3. Won-lost percentage against all Division I opponents.

4. Coin toss conducted by the Commissioner or designee.

- For multiple-team tie
1. Results (won-lost percentage) of collective head-to-head competition during the regular season among the tied teams.

2. If more than two teams are still tied, each of the tied team's record (won-lost percentage) vs. the team occupying the highest position in the final regular season standings, and then continuing down through the standings, eliminating teams with inferior records, until one team gains an advantage.

When arriving at another group of tied teams while comparing records, use each team's record (won-lost percentage) against the collective tied teams as a group (prior to that group's own tie-breaking procedure), rather than the performance against individual tied teams.

After one team has an advantage and is seeded, all remaining teams in the multiple-team tie-breaker will repeat the multiple-team tie-breaking procedure.

If at any point the multiple-team tie is reduced to two teams, the two-team tie-breaking procedure will be applied.

3. Won-lost percentage against all Division I opponents.

4. Coin toss conducted by the Commissioner or designee.

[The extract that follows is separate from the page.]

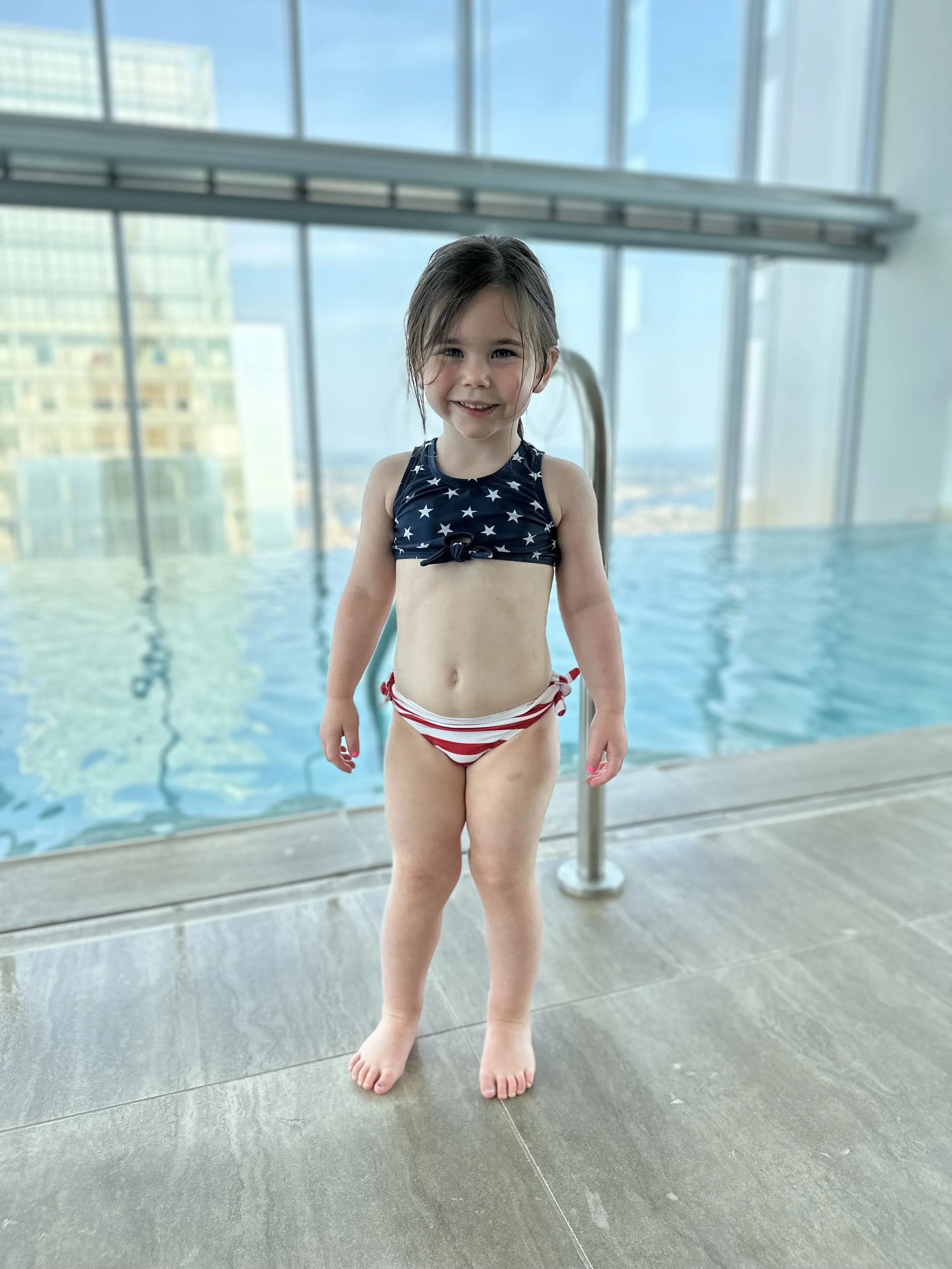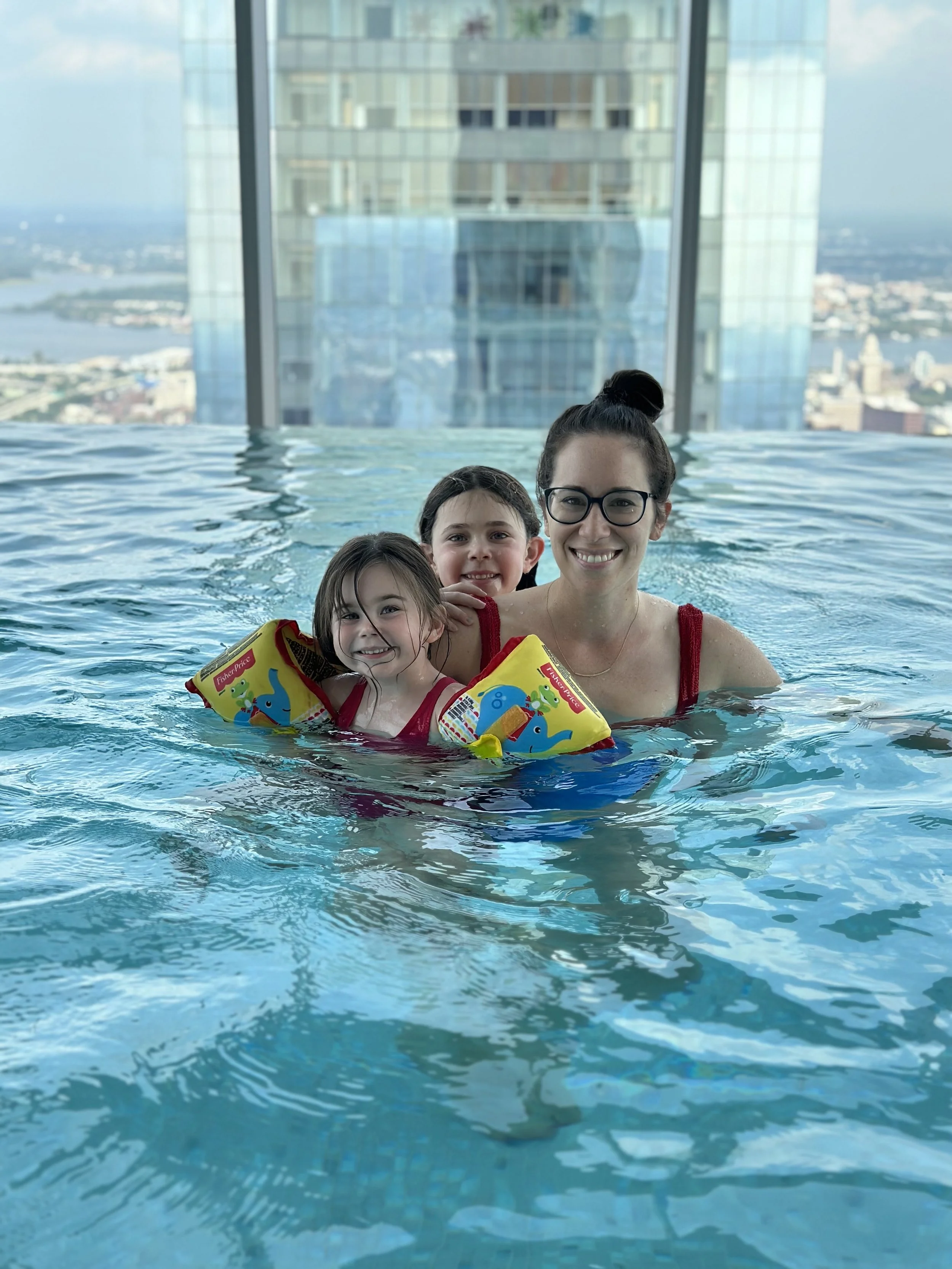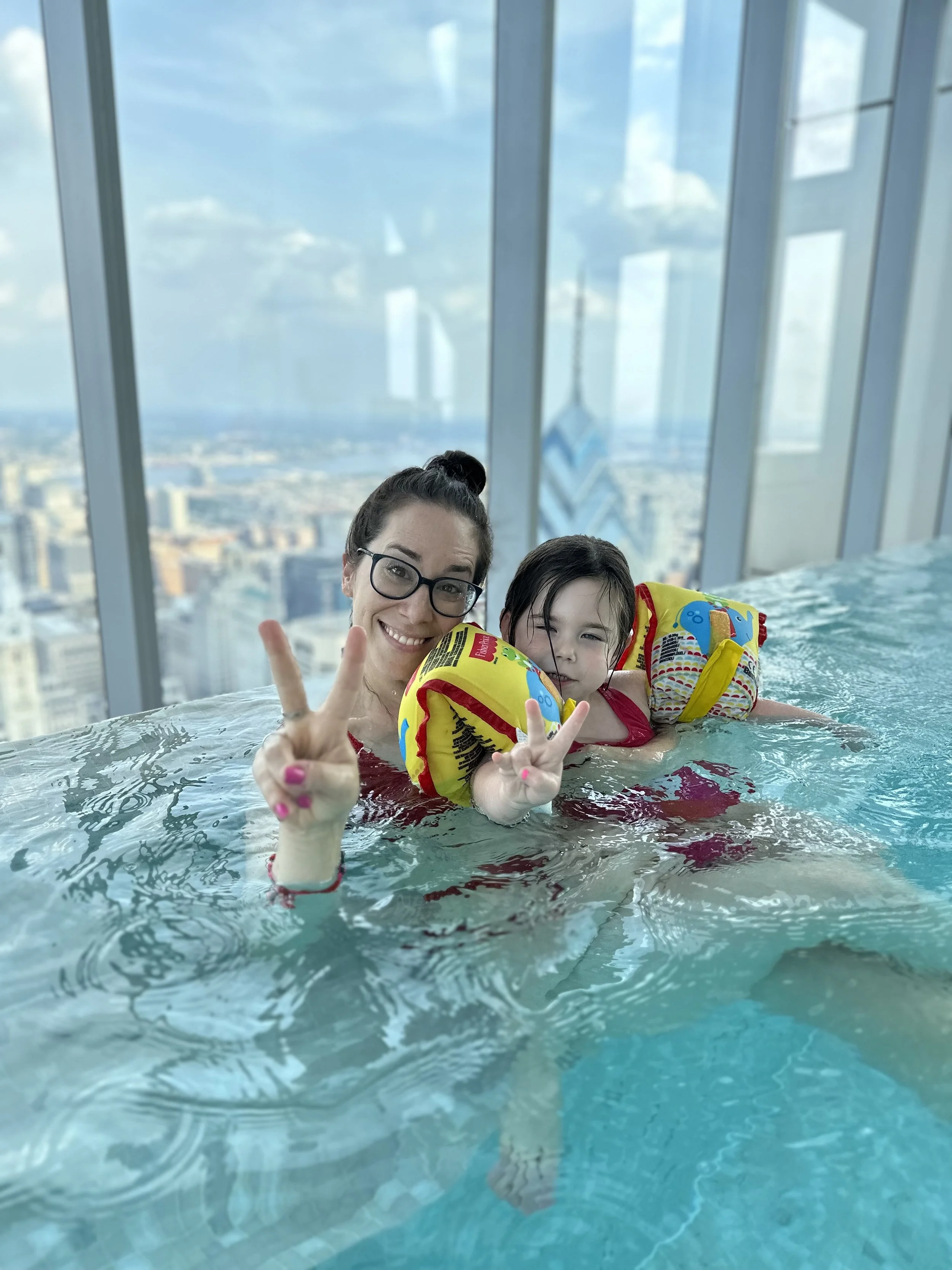 From there we walked back to the hotel, Madeleine once again insisting on riding on Tzvi’s shoulders. We walked through the Love Park, where Madeleine saw a fountain and said she wanted to go in it. We said we were going back to the hotel to swim in the pool, but she insisted she was going in the fountain. Even once we got back to the hotel she continued to insist she was going back to the park to the fountain. Eventually she acquiesced and we spent some time in the pool, before going back and changing for dinner.

| Seed | School | Conf (Overall) | Tiebreaker |
|---|---|---|---|
| #1 | Oregon | 16–2 (27–3) |  |
| #2 | Stanford | 15–3 (25–4) |  |
| #3 | Oregon State | 14–4 (24–6) |  |
| #4 | UCLA | 12–6 (19–11) |  |
| #5 | Arizona State | 10–7 (19–9) |  |
| #6 | Utah | 9–9 (20–9) | 1–0 vs. CAL |
| #7 | California | 9–9 (18–11) | 0–1 vs. UTAH |
| #8 | Arizona | 7–11 (17–12) | 1–0 vs USC |
| #9 | USC | 7–11 (17–12) | 0–1 vs ARIZ |
| #10 | Washington State | 4–14 (9–20) |  |
| #11 | Washington | 2–15 (9–20) |  |
| #12 | Colorado | 2–16 (12–17) |  |

==Schedule==

Thursday-Sunday, March 7–10, 2018

The top four seeds received a first-round bye.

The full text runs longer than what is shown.